I am new user of R and hope you will bear with me if my question is silly. I want to estimate the following model using the maximum likelihood estimator in R.
y= a+b*(lnx-α)
Where a, b, and α are parameters to be estimated and X and Y are my data set. I tried to use the following code that I get from the web:
library(foreign)
maindata <- read.csv("C:/Users/NUNU/Desktop/maindata/output2.csv")
h <- subset(maindata, cropid==10)
library(likelihood)
modelfun <- function (a, b, x) { b *(x-a)}
par <- list(a = 0, b = 0)
var<-list(x = "x")
par_lo <- list(a = 0, b = 0)
par_hi <- list(a = 50, b = 50)
var$y <- "y"
var$mean <- "predicted"
var$sd <- 0.815585
var$log <- TRUE
results <- anneal(model = modelfun, par = par, var = var,
source_data = h, par_lo = par_lo, par_hi = par_hi,
pdf = dnorm, dep_var = "y", max_iter = 20000)
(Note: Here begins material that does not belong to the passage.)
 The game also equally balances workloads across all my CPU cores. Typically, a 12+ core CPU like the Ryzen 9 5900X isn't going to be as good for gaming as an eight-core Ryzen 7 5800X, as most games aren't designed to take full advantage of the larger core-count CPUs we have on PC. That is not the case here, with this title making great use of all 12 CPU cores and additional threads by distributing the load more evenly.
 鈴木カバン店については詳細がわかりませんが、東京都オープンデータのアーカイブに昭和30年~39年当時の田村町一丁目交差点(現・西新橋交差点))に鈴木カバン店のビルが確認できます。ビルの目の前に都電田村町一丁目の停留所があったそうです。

The result I am getting is similar although the data is different, i.e., even when I change the cropid. Similarly, the predicted value generated is for x rather than y.
I do not know what I missed or went wrong. Your help is highly appreciated.
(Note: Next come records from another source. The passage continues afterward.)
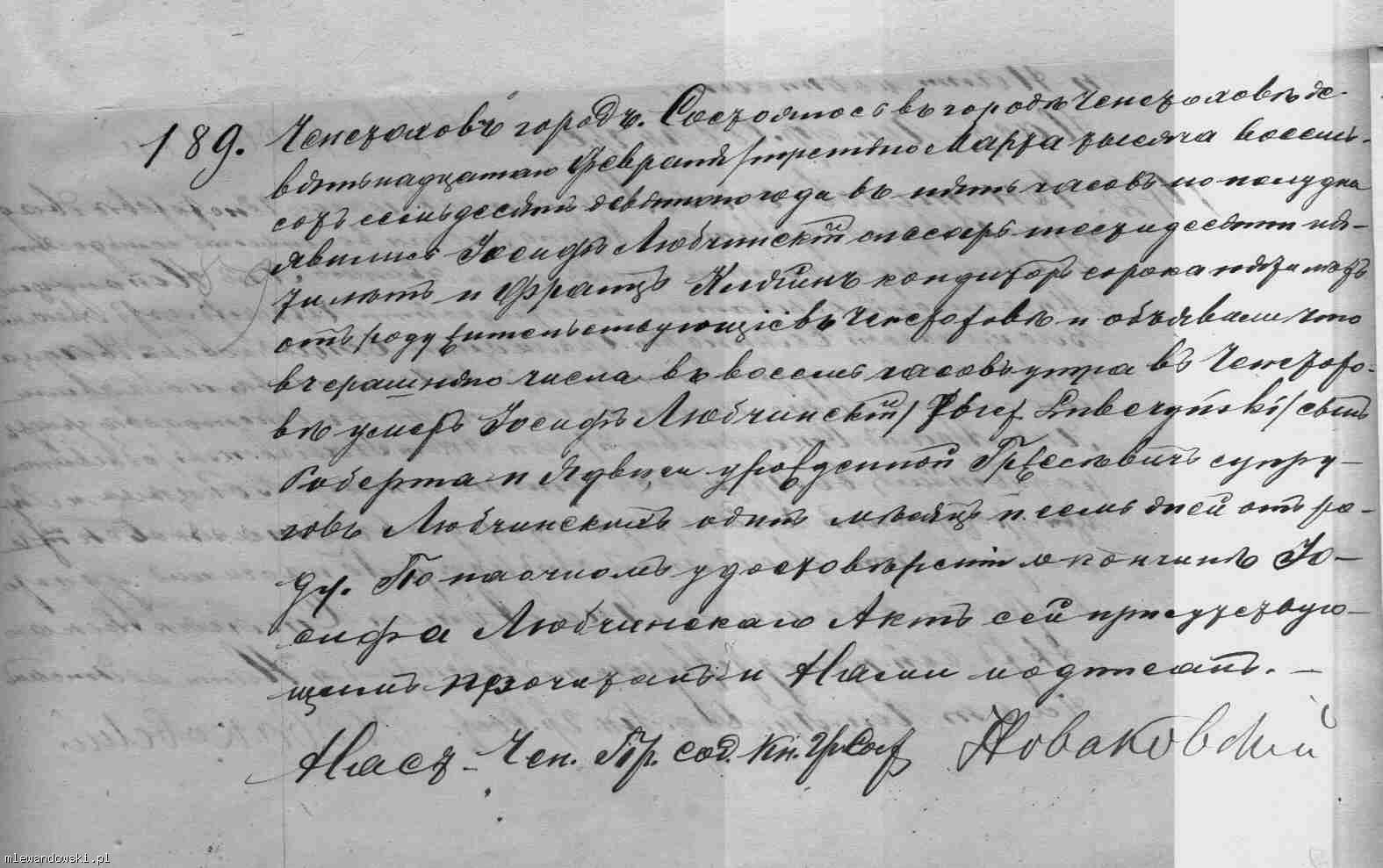 Akt zgonu Józefa Lubczyńskiego (+ 00.00.1879 r. Częstochowa) w języku rosyjskim.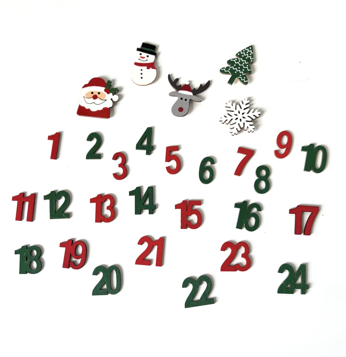 Zestaw zawiera liczby od 1 do 24 oraz 5 drewnianych elementów ze świątecznymi motywami.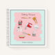 Cute pink and blue personalised Baking recipe book with watercolor illustration of cake mixer and baking tools.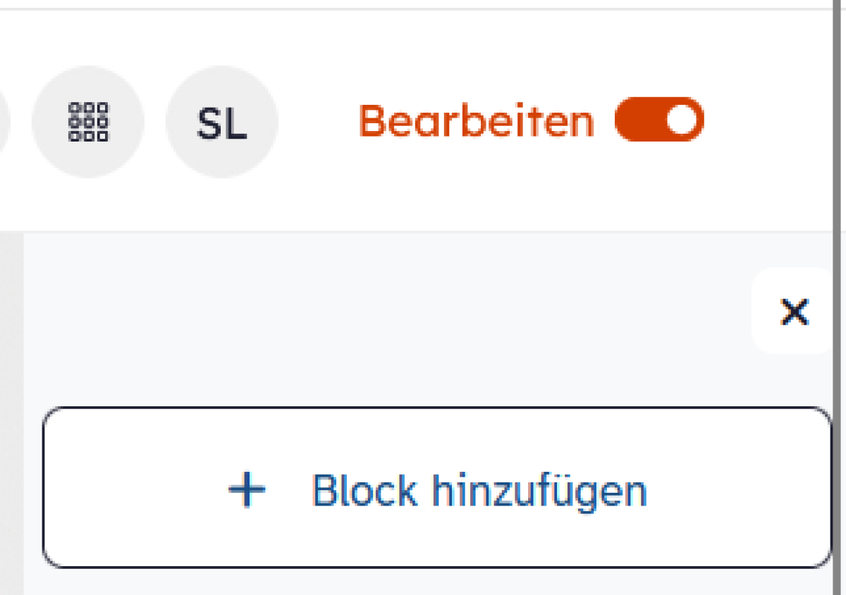 Wechseln Sie in Ihrem Kurs in den Bearbeitungsmodus, indem Sie den Schieberegler in der Topbar neben Bearbeiten aktivieren. Klicken Sie nun auf das Pfeil-Symbol am Rand des Browserfensters, um die Blockleiste zu öffnen. Wählen Sie den Button + Block hinzufügen.

I am not sure if your model formula will lead to a unique solution, but in general you can find MLE with optim function
Here is a simple example for linear regression with optim:
fn <- function(beta, x, y) {
a = beta[1]
b = beta[2]
sum( (y - (a + b * log(x)))^2 )
}
# generate some data for testing
x = 1:100
# a = 10, b = 3.5
y = 10 + 3.5 * log(x)
optim(c(0,0,0),fn,x=x,y=y,method="BFGS")
you can change the function "fn" to reflect your model formula e.g.
sum( (y - (YOUR MODEL FORMULA) )^2 )
EDIT
I am just giving a simple example of using optim in case you have a custom model formula to optimize. I did not mean using it from simple linear regression, since lm will be sufficient.
I was a bit surprised that iTech used optim for what is a problem that is linear in its parameters. With his data for x and y:
> lm(y ~ log(x) )
Call:
lm(formula = y ~ log(x))
Coefficients:
(Intercept) log(x)
10.0 3.5
For linear problems, the least squares solution is the ML solution.